§ **Directions for this task**: Retype, exactly as they stand, the lines from the start of the data to the line that contains "Резцы с круглым", both ends included. Leave the pictures out.

(Saved data entries)
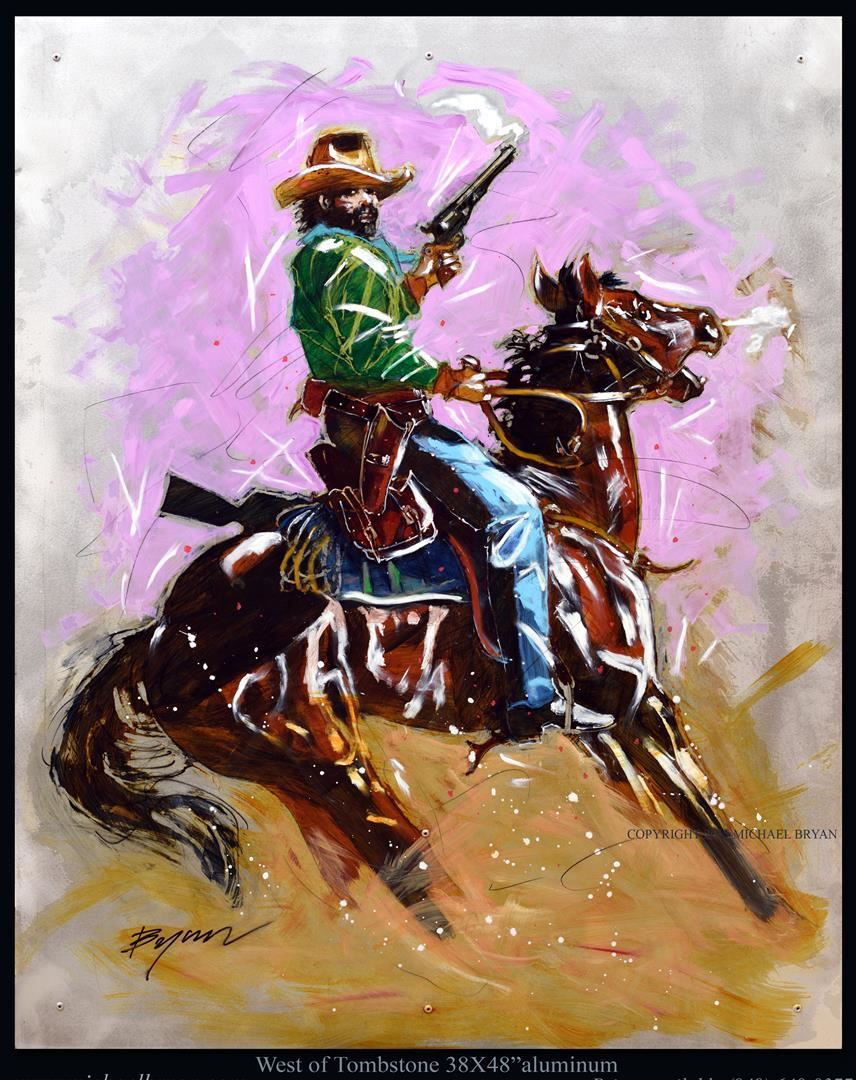 The wild west was conquered and settled by strong brave men & women that tamed its fury and forged it into an American dream. This tribute by Michael Bryan is a 40x32 " handworked giclee on canvas, a Unique 1/1 work of Western Art.
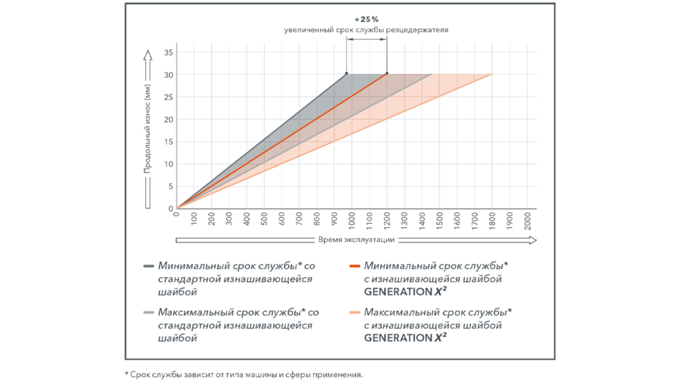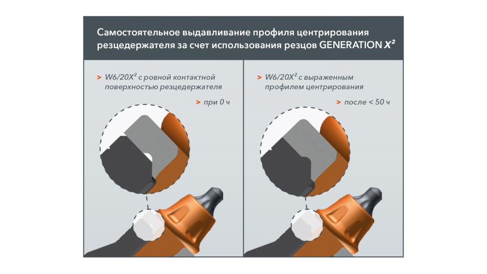Резцы с круглым хвостовиком поколения GENERATION X² отличаются уникальными характеристиками, которые позволяют, в первую очередь, существенно снизить эксплуатационные расходы. Новая изнашивающаяся шайба со специальным профилем паза улучшает центрирование и действительно оптимизирует ротационную характеристику. Благодаря этому твёрдый сплав в течение продолжительного времени сохраняет свою способность к резанию, за счёт чего обеспечивается оптимальное использование его свойств. Кроме того, профиль паза снижает продольный износ резца с круглым хвостовиком и увеличивает срок службы до 25 %.
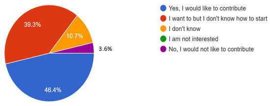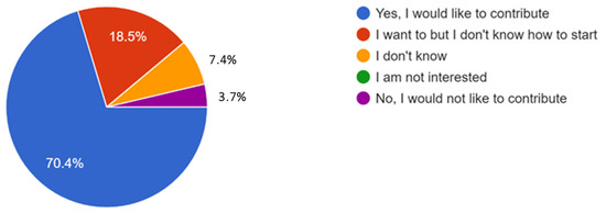 The number of engineering students who would like to contribute to making their university a more sustainable place slightly improved from 85.7% to 88.9% after course delivery, which provided ample examples on specific research centers, e.g., life cycle assessment (LCA) and geographical information systems (GISs), and EU-funded projects that are geared towards sustainability (Figure 9 and Figure 10). The number of students who would like to contribute but do not know how to start has decreased from 39.3% to 18.5%, indicating a positive increase in students’ knowledge of sustainability.
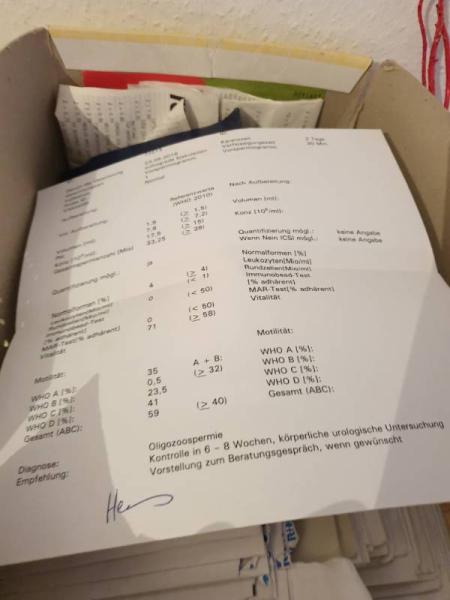 Ich würd ihm einfach sagen, dass du das gefunden hast. Immerhin hat er es offen rumliegen lassen. Scheint also kein Geheimnis zu sein. Und mich nicht verrückt machen. Mit einer Oligozoospermie kann man Vater werden. Nur vielleicht nicht so einfach auf natürlichem Weg. Wobei mein Mann auch sehr eingeschränkt zeugungsfähig ist und ich zweimal spontan schwanger wurde. Wir machen jetzt künstliche Befruchtung, weil es 2 Jahre nach der Missed Abortion nicht mehr klappen will. Das dürfte aber auch daran liegen, dass ich jetzt schon fast 39 bin. Bei meiner ersten Schwangerschaft war ich 31. Da hat meine Fruchtbarkeit vielleicht seine Einschränkung ausgeglichen.
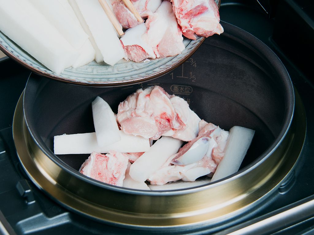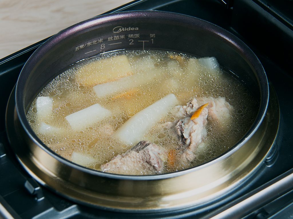白萝卜含丰富的维生素C和微量元素锌,有助于增强机体的免疫功能,提高抗病能力;萝卜中的芥子油能促进胃肠蠕动,增加食欲,帮助消化;猪骨除含蛋白、脂肪、维生素外,最让人容易吸引的就是补充钙质。两者一起可称为绝配啊!
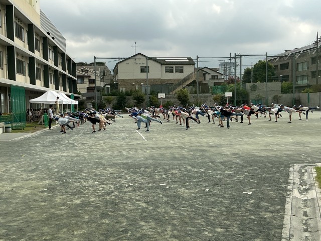 6年生は、朝の時間を使って運動会の表現種目に向けての基礎準備。
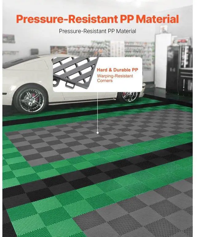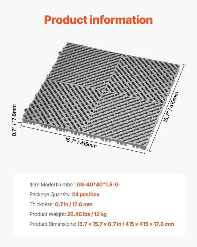 VEVOR Interlocking Drainage Mat, 15.7 x 15.7 Modular Interlocking Cushion Durable PP Material, 24 Pcs Splicing Drainage Mats, Non-Slip Drainage Floor Tile and Shower Mat, for Garage, Garden, Kitchen & Outdoor, Grey Tough PP Material Extra Thickness for Reliability Snap-Together Setup Slip-Resistant Surface Versatile for Any Space Built to
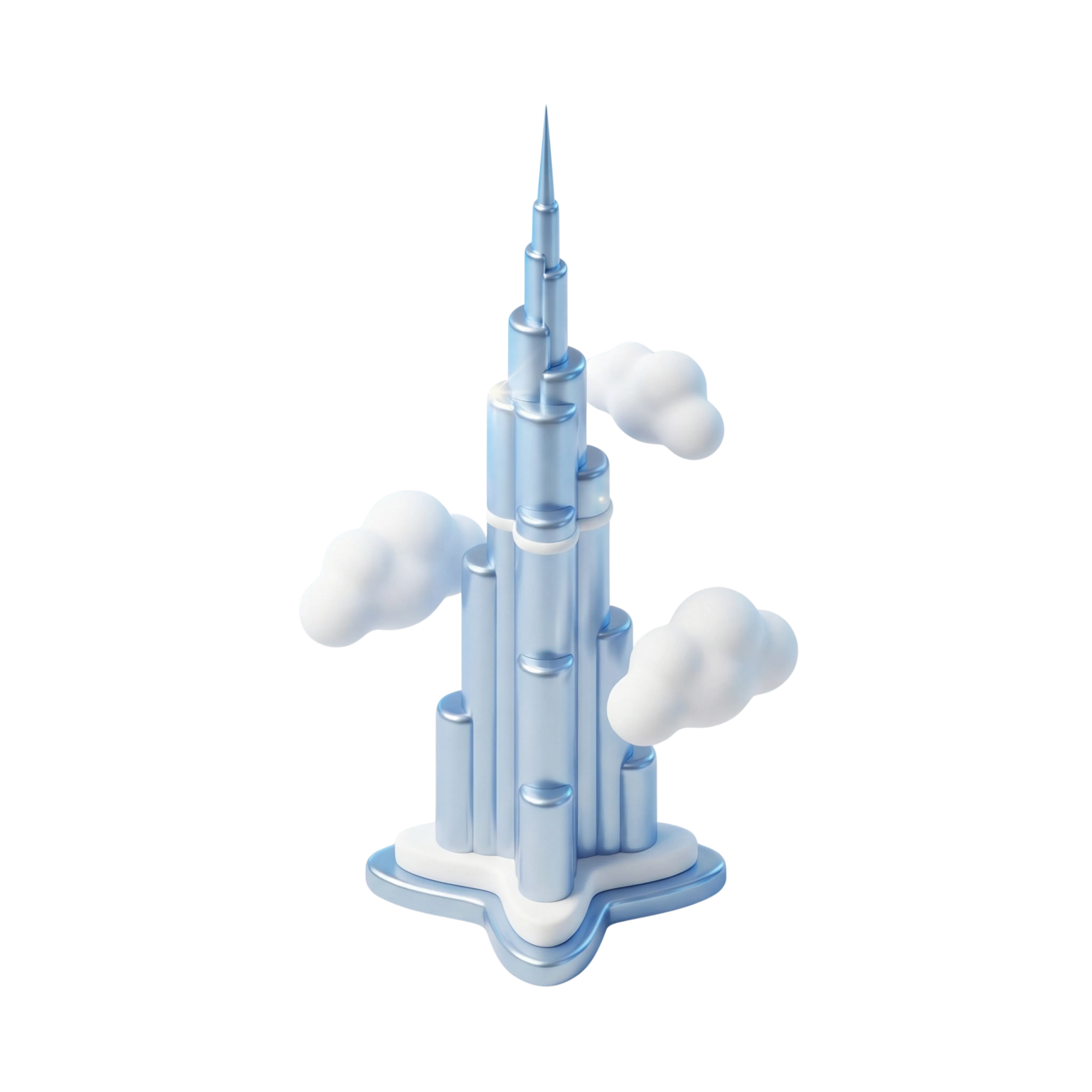 مجسم ثلاثي الأبعاد مبسط لبرج خليفة الشهير، بلمسة معدنية لامعة بدرجات الأزرق، محاط بسحب ناعمة لإبراز طابعه المعماري المميز. مناسب لتصاميم العلامات التجارية، أو مشاريع السفر والسياحة، أو السرد البصري الخاص بدولة الإمارات.
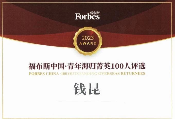 此前,钱昆教授还入围“2023福布斯中国·青年海归菁英100人评选”的“成长力”榜单!
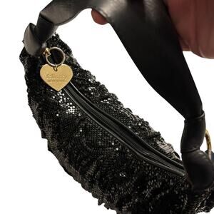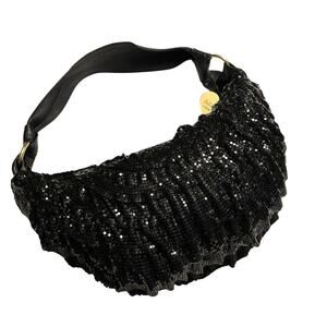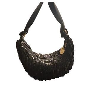 Half Moon Layered Chain Mail Shoulder Bag by Felix Rey. EUC. No flaws or stains. This eye-catching piece features a shimmering layered metal mesh exterior and a full zip closure for secure storage. The interior reveals a beautiful satin floral print lining with multiple pockets for organization. A signature heart logo charm adds a sweet finishing touch. Timeless and unique, this bag blends glamour and function, making it a standout addition to any collection.
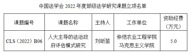 9月7日,中国法学会公布了《中国法学会2022年度部级法学研究课题立项名单》,公司365英国在线体育刘昕苗博士申报的“人大主导的法治政府评估模式研究”获立为中国法学会2022年度部级法学研究重点课题,资助经费5万元。
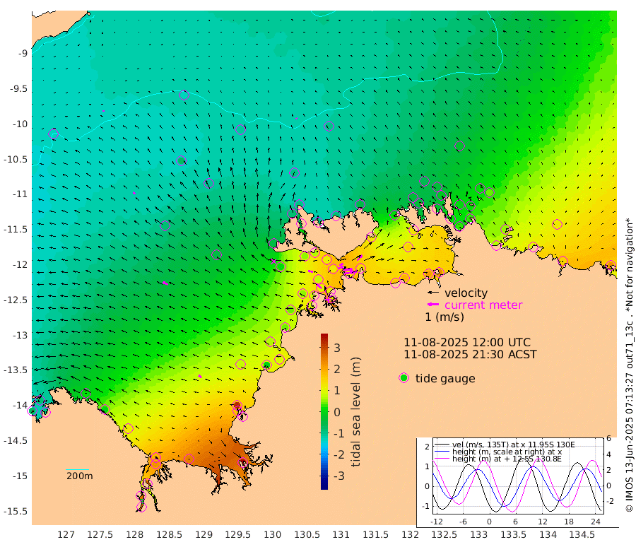 84cm/s 80T +4cm/s rms + 6cm/s 51T. Darwin_C1 52m 59cm/s 92T +4cm/s rms + 7cm/s -161T. Darwin_CW1 22m 52cm/s 68T +4cm/s rms + 8cm/s 61T. Darwin_CW2 34m 69cm/s 43T +3cm/s rms + 9cm/s 98T. Darwin_CW3 22m 88cm/s 89T +5cm/s rms + 7cm/s 88T. Darwin_C3 56m 36cm/s 65T +2cm/s rms + 9cm/s -126T. Darwin_CTbW 22m 10cm/s -21T +9cm/s rms + 2cm/s -110T. NWSLYN 196m 44cm/s -80T +1cm/s rms + 1cm/s -47T. DARBGF 30m 14cm/s -103T +7cm/s rms + 2cm/s -137T. ITFTIS 464m 22cm/s -49T +9cm/s rms + 1cm/s 74T. ITFMHB 146m 31cm/s -55T +4cm/s rms + 1cm/s -134T. ITFJBG 61m 48cm/s -61T +6cm/s rms + 4cm/s 121T. ITFFTB 108m 62cm/s -52T +4cm/s rms + 3cm/s 80T. NRSDAR 19m -81cm Carronade Island -74cm Guy Point -92cm Napier Broome Bay 12cm Lesueur Island 119cm Reveley Island 7cm Rocky Island 219cm Cape Domett 189cm Lacrosse Island 277cm Adolphus Island 262cm Pender Point 273cm Wyndham -85cm The Boxers -69cm Unnamed Shoal -127cm Loxton Shoal 243cm Pelican Island -108cm Calder Shoal -110cm Evans Shoal 366cm Quoin Island 176cm Port Keats 178cm Jones Point 316cm Catfish Island 75cm Cape Scott Offshore -7cm Cape Ford 88cm Anson Bay -97cm Goodrich Bank 57cm Peron Island North 37cm Point Jenny 35cm Native Point 49cm Fish Reef 72cm Tapa Bay -54cm Point Fawcett (Offshore) 83cm Burge Point 49cm Munkunuwa 3cm Beagle A 101cm Parsons Bank 78cm Fenton Patches -90cm Lynedoch Bank 122cm Hancox Shoal Area 112cm Nightcliff 128cm Darwin 90cm Charles Point Patches 131cm Glyde Point 177cm Chambers Bay 185cm Point Stuart 137cm Cape Hotham 152cm Christine Reef 208cm West Alligator Head 227cm East Field Island 131cm Two Hills Bay -52cm Newby Shoal 129cm Camp Point 62cm Medina Inlet South -62cm South Barlow Point -84cm St. Asaph Bay -99cm Cape Van Dieman -91cm Snake Bay -89cm Cache Point -132cm Echo Shoal -55cm Point Jahleel (Off) 12cm Cape Don -39cm Port Essington -41cm Smith Point - West -35cm NW Peacock Island -60cm North Of Jones Shoal -17cm Peacock Island 18cm Point David -30cm D'urville Point -28cm Money Shoal 27cm Copeland Island 25cm Cape Cockburn 7cm One Tree Point 39cm Hogmany Shoal 12cm New Year Island - West 21cm Grant Island 64cm Aurari Bay 93cm Cuthbert Point 56cm North Goulburn Island 118cm Paxie Shoal 153cm Entrance Island 215cm Yabooma Island
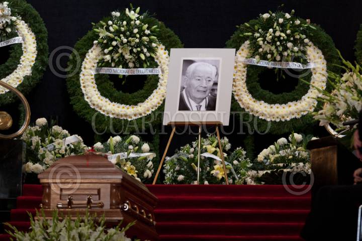 MÉXICO D.F., 21FEBRERO2011.- Encabezado por la presidenta del Conaculta, Consuelo Sáizar, Teresa Vicencio, directora del INBA y de su familia, el intelectual mexicano José Ezequiel Iturriaga Sauco (1912-2011) se le realizó un homenaje póstumo en el Palacio de Bellas Artes FOTO: GUILLERMO PEREA/CUARTOSCURO.COM
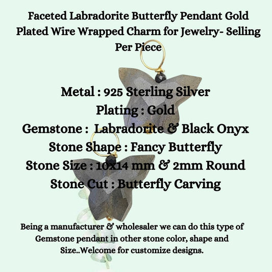 Faceted Labradorite Butterfly Pendant Gold Plated Wire Wrapped Charm for Jewelry- Selling Per Piece
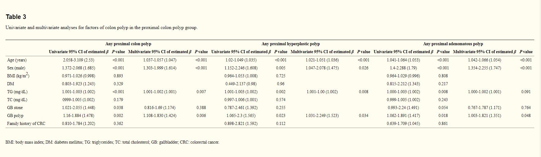 近端结肠息肉的单因素和多因素分析结果表明,年龄、男性和较高的甘油三酯水平、胆囊息肉的存在与近端结肠息肉的发生有统计学意义,且呈正相关性(OR:1.424;p=0.006)。胆囊结石与近端结肠息肉无统计学意义(OR:1.174;P=0.338)。增生性息肉与年龄、性别,甘油三酯水平,胆囊息肉的相关参数正相关;腺瘤性息肉只与男性,性别和胆囊息肉的相关参数呈正相关。未发现胆囊结石与任何近端增生性息肉和近端腺瘤性息肉相关,见表3。

§ **Exercise solution**:
 The wild west was conquered and settled by strong brave men & women that tamed its fury and forged it into an American dream. This tribute by Michael Bryan is a 40x32 " handworked giclee on canvas, a Unique 1/1 work of Western Art.
Резцы с круглым хвостовиком поколения GENERATION X² отличаются уникальными характеристиками, которые позволяют, в первую очередь, существенно снизить эксплуатационные расходы. Новая изнашивающаяся шайба со специальным профилем паза улучшает центрирование и действительно оптимизирует ротационную характеристику. Благодаря этому твёрдый сплав в течение продолжительного времени сохраняет свою способность к резанию, за счёт чего обеспечивается оптимальное использование его свойств. Кроме того, профиль паза снижает продольный износ резца с круглым хвостовиком и увеличивает срок службы до 25 %.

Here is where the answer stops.